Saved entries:

● ● ● ● ●

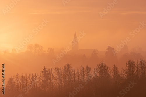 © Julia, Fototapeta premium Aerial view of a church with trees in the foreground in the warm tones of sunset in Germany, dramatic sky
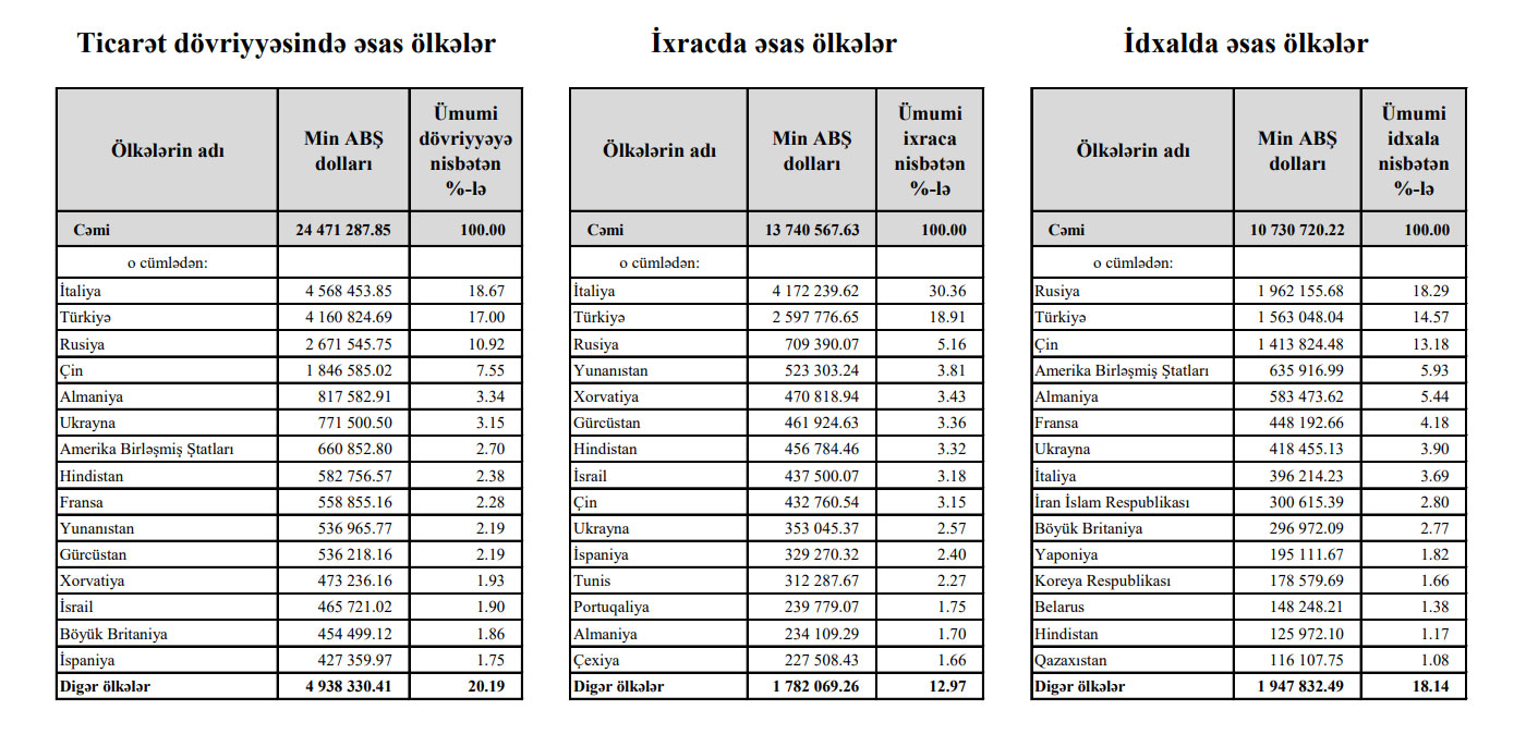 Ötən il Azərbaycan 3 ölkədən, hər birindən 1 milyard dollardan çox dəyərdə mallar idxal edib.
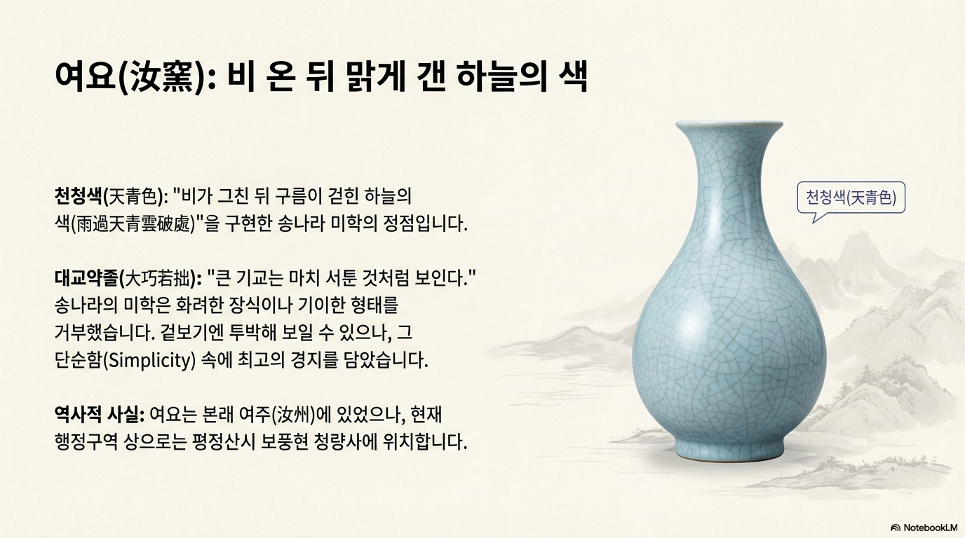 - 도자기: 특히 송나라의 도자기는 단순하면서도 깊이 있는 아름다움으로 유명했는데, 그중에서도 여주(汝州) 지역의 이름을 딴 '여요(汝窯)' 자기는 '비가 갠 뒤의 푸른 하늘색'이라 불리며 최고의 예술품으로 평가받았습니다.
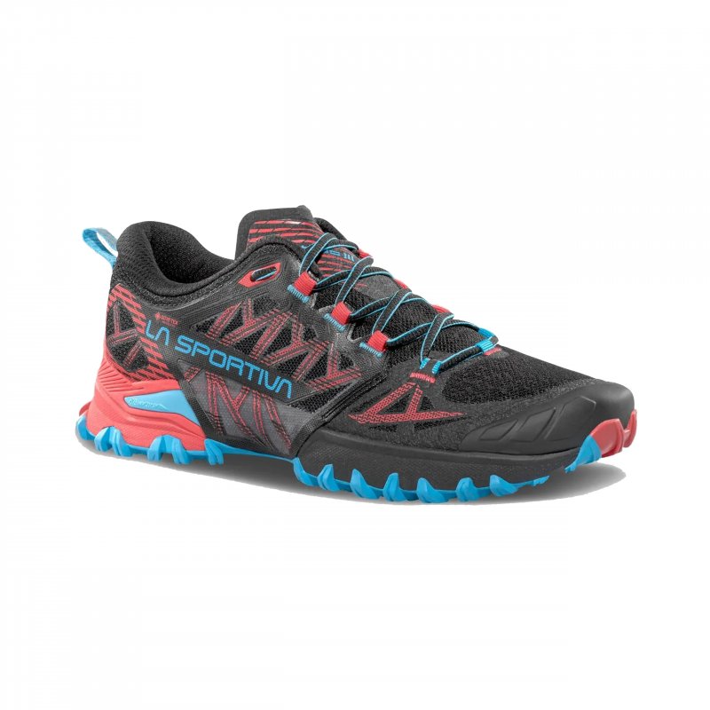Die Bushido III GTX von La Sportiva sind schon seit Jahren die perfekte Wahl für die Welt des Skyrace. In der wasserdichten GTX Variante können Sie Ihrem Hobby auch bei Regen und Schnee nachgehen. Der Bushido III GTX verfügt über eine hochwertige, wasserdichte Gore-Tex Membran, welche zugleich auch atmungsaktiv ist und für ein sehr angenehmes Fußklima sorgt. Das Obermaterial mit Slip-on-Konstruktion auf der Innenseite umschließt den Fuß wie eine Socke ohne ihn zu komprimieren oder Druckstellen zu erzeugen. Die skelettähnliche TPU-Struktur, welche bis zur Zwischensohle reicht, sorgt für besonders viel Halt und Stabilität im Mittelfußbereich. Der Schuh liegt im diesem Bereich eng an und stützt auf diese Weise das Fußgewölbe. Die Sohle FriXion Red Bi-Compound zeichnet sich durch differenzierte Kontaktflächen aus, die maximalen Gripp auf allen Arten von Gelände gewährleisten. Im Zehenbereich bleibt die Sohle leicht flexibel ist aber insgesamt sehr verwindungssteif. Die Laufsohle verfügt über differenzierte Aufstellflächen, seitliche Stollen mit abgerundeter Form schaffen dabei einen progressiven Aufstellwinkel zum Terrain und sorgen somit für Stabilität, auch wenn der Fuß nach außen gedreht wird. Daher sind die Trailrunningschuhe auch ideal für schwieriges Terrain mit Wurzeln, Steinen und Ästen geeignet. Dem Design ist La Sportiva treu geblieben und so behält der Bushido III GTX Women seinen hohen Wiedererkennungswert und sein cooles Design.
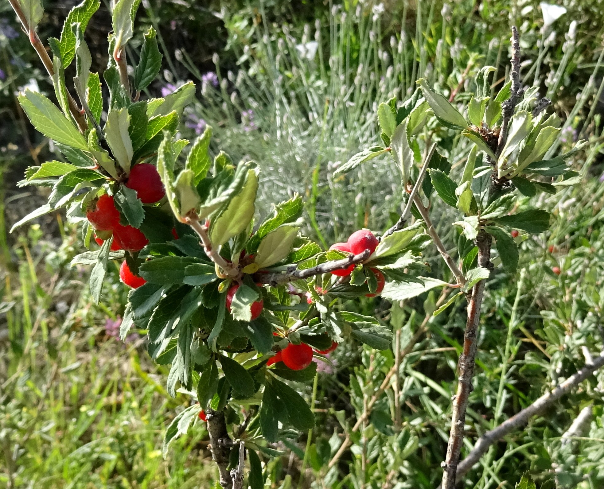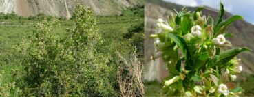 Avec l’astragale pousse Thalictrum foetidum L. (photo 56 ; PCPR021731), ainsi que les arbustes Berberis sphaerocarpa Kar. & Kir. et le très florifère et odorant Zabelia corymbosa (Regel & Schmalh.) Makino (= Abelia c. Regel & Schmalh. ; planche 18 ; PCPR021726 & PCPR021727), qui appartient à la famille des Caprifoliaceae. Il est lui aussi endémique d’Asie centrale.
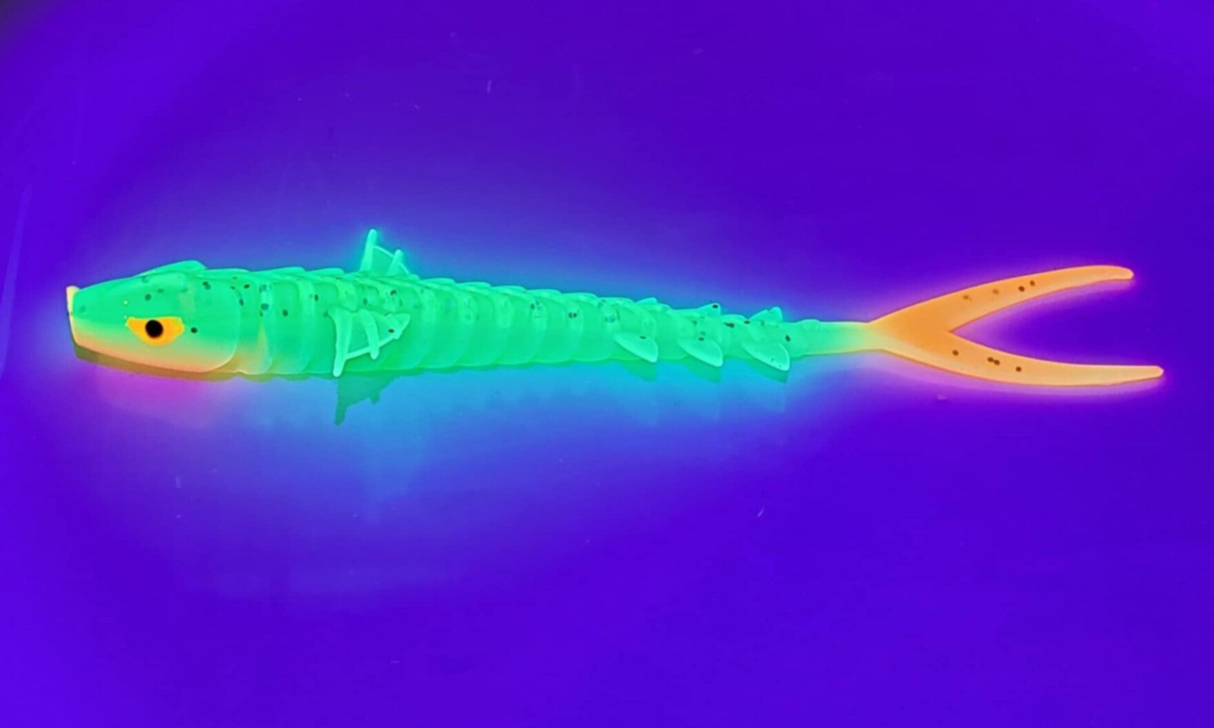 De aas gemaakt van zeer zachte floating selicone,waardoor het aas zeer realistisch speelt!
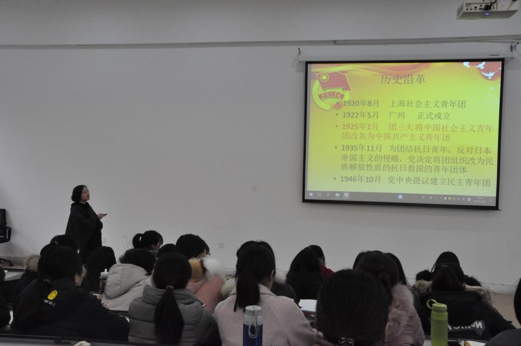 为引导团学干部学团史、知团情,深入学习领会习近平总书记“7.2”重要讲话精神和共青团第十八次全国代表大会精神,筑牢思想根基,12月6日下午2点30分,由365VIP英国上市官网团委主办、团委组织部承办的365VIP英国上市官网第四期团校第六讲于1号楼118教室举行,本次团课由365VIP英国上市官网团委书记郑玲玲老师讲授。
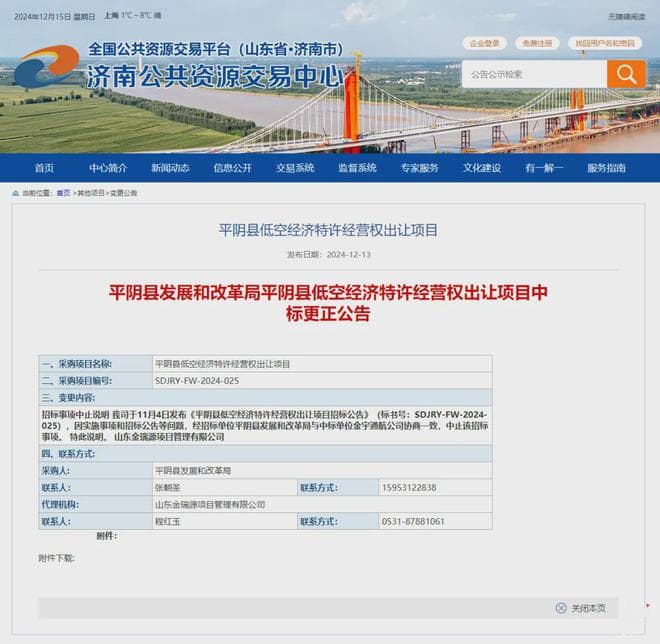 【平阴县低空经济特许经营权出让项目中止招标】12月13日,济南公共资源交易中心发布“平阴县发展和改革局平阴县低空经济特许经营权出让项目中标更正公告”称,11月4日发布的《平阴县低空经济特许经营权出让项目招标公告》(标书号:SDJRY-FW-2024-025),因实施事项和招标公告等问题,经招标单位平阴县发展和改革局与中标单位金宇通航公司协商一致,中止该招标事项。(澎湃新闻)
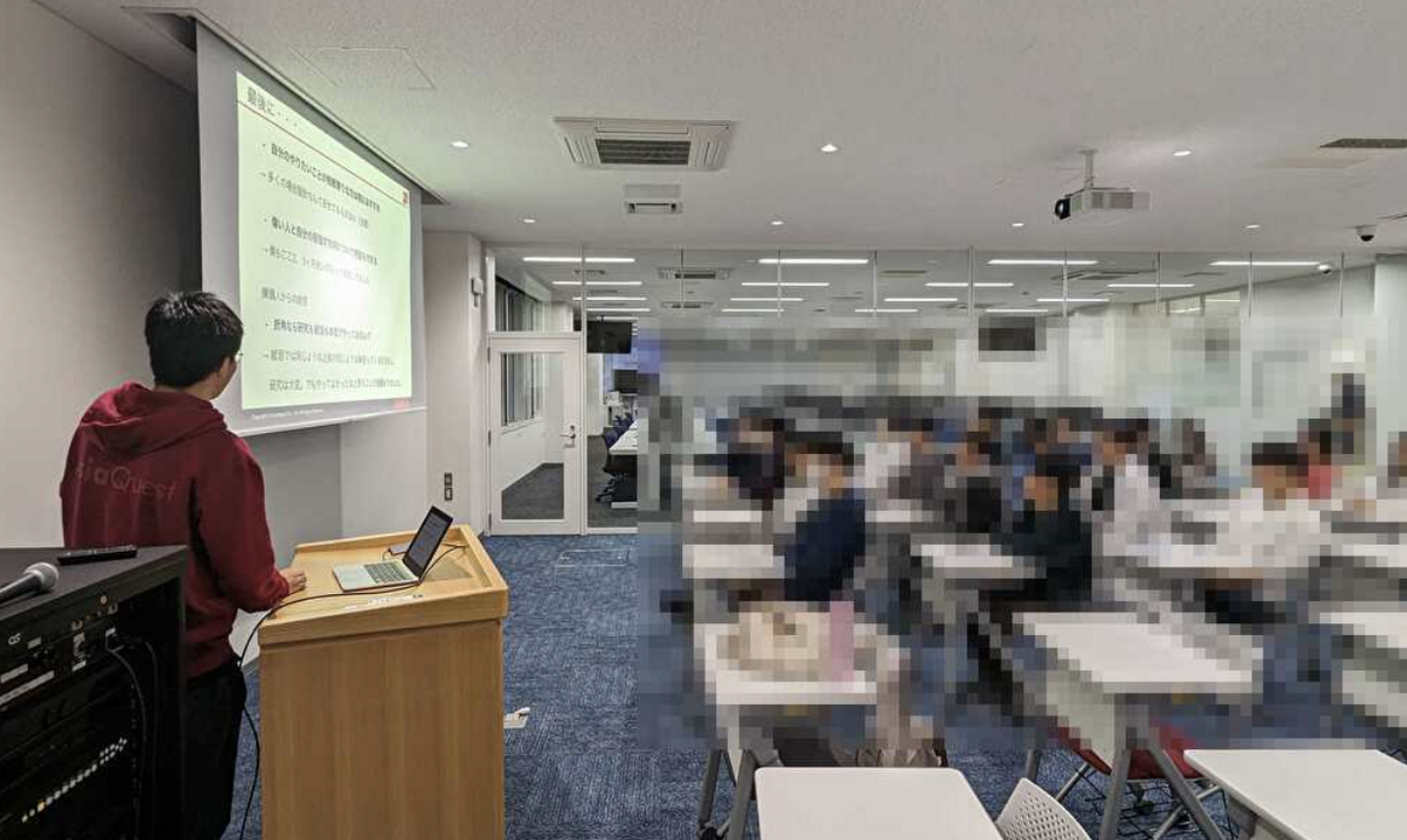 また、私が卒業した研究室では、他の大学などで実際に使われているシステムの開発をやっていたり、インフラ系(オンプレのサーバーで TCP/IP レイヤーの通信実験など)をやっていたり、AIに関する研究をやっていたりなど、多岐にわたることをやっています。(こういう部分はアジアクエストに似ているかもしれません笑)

● ● ● ● ●

Goal of the exercise - Please return, exactly as written, the lines from the first line of the records above through the line containing "- 도자기: 특히 송나라의", both included, leaving out any pictures.

Finished task -
 © Julia, Fototapeta premium Aerial view of a church with trees in the foreground in the warm tones of sunset in Germany, dramatic sky
 Ötən il Azərbaycan 3 ölkədən, hər birindən 1 milyard dollardan çox dəyərdə mallar idxal edib.
 - 도자기: 특히 송나라의 도자기는 단순하면서도 깊이 있는 아름다움으로 유명했는데, 그중에서도 여주(汝州) 지역의 이름을 딴 '여요(汝窯)' 자기는 '비가 갠 뒤의 푸른 하늘색'이라 불리며 최고의 예술품으로 평가받았습니다.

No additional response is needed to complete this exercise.